— Зачем? — пожимал плечами Колтунов. — Я еду.
— Едешь? А, да! Это хорошо. Едешь? Да. Хорошо это. Здесь бывают часы, когда мало покупателей, я могу читать тогда. Вот у меня «могучая кучка», — он нежно погладил рукою стопку книг. — А когда я читаю, кто равен мне в этом мире? Бакалея! Ха! Я даже могу писать здесь. У меня есть кое-какие мыслишки, но это потом, как-нибудь. Мы поговорим еще. Да, ты едешь… Куда собственно?
— В д-д-деревню…
— В деревню? Что?
— Я б-буду учителем. Это надо сейчас. Ш-шкрабом…
— Шкрабом?.. Школьным работником, значит?.. Это нехорошее слово: шкраб. У этого слова клешни… Говорят, они голодают, деревенские шкрабы? А?
— Наверно… Н-но это неважно…
— Ну да! Конечно. Впрочем, ты все равно сбежишь оттуда через месяц… Там не топят школы зимой. Что ж, ты не мог остаться здесь? Я тебя устрою.
— Спасибо… Я хочу в деревню. Я жил в ней все детство. Мой отец там умер. Он был земский врач.
— Да? Ну, прощай… На выпускном вечере будешь? Я провожу тебя до дверей. Не зацепись за этот бочонок. Масло. Какая погода хорошая!
— Июнь…
— Да… Что я еще хотел сказать тебе? Да… Вот что. А может быть — ты думал над этим? — может быть, мы и в самом деле, — я, еще другие, — может быть, мы опоздали родиться? А? Вот что я тебе хотел сказать.

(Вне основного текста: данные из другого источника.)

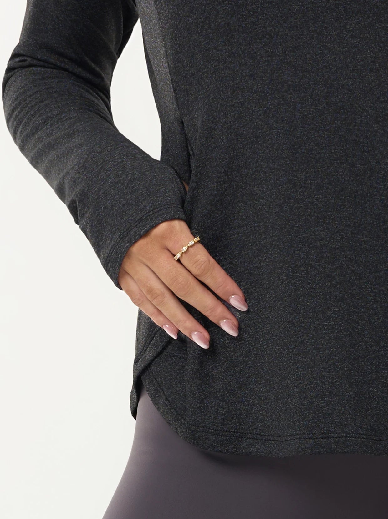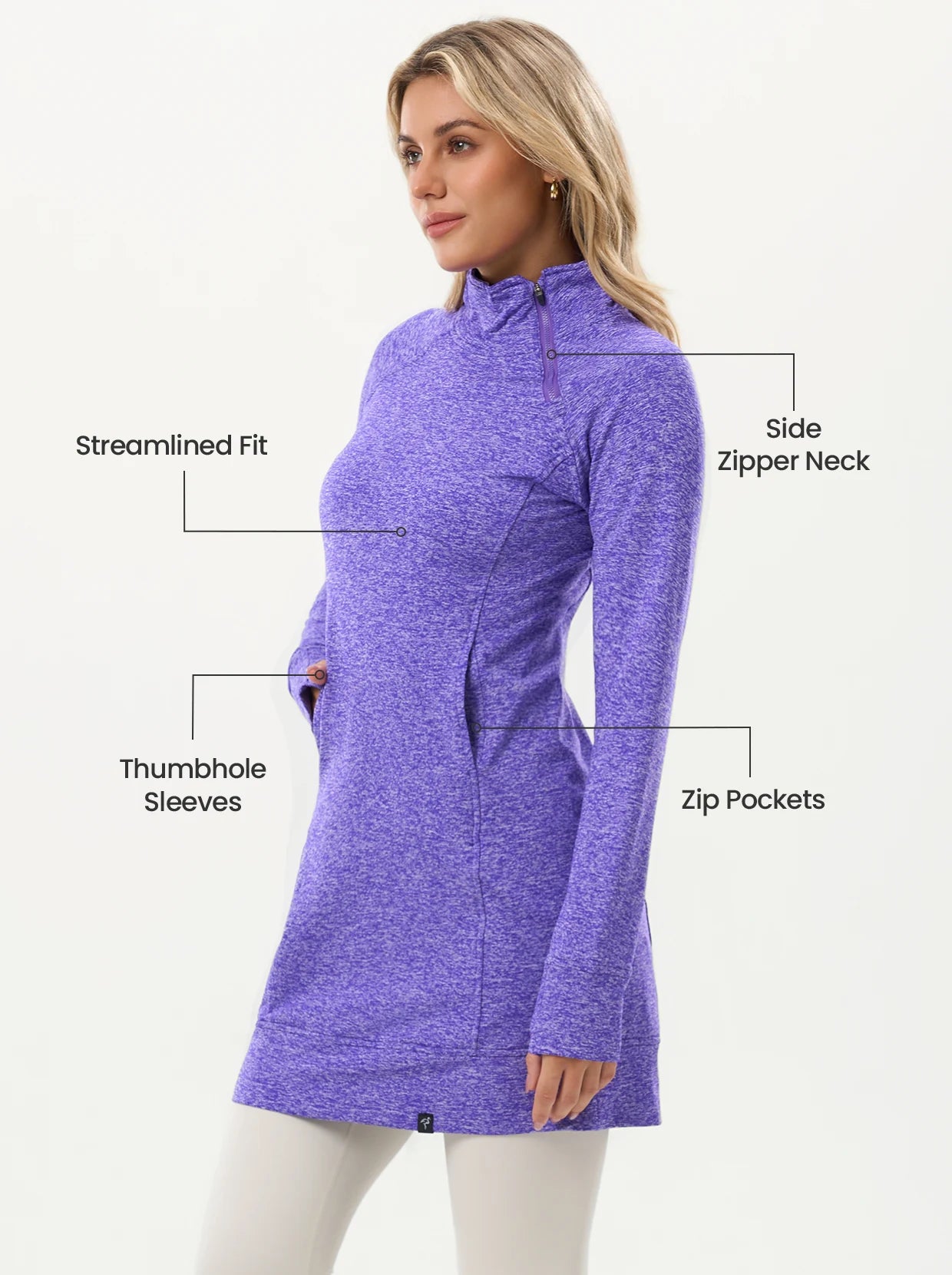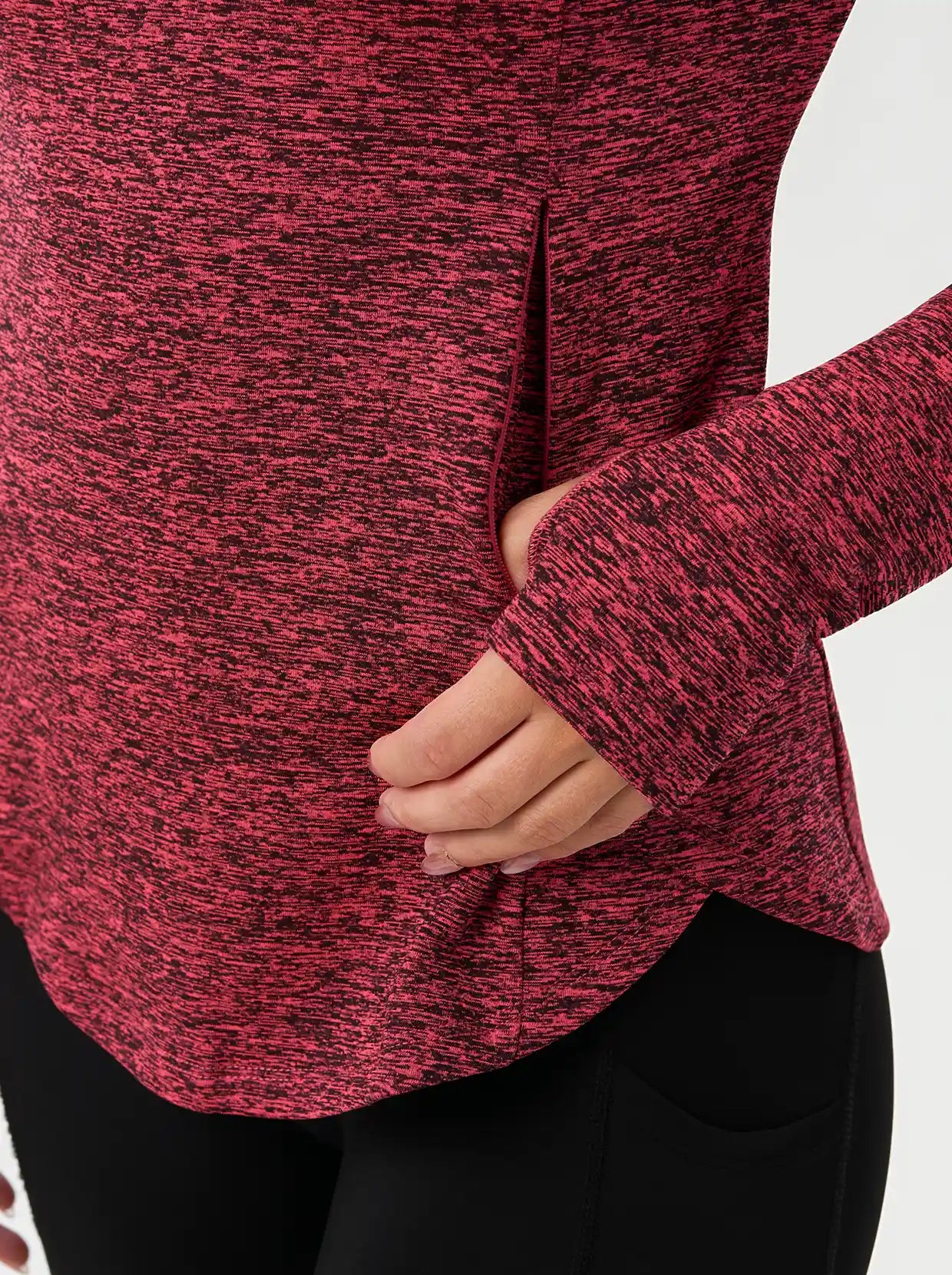 Side-zipper Long-sleeve Thermal Tops with Thumbholes

Колтунов рассеянно посмотрел на Канторовича и ответил, протирая очки:
— Н-не думаю…
Пух с тополей летит по городу.
Утром за чаем мать робко спросила Руву:
— Ну, Рува, ну, что же это будет, ну?
Воробейчик сердито отодвинул чашку с голубыми китайцами и встал.
— Я знаю? — пожал он плечами.
Разговор этот был ему неприятен. Он начал искать кепку.
— Ты перешел в седьмую группу, Рува… — говорила мать умоляюще. — Ты уже большой, ты уже не маленький. Что же будет? Пойди к отцу или брату Соломону, надо же. Или, хочешь, я тебя в фотографию устрою? Это хорошее, выгодное дело. Сейчас все хотят иметь портреты.
— Мама!
— Или нет? Ну, хорошо, реши сам. Но когда же?
Воробейчик нашел кепку: она валялась за сундуком.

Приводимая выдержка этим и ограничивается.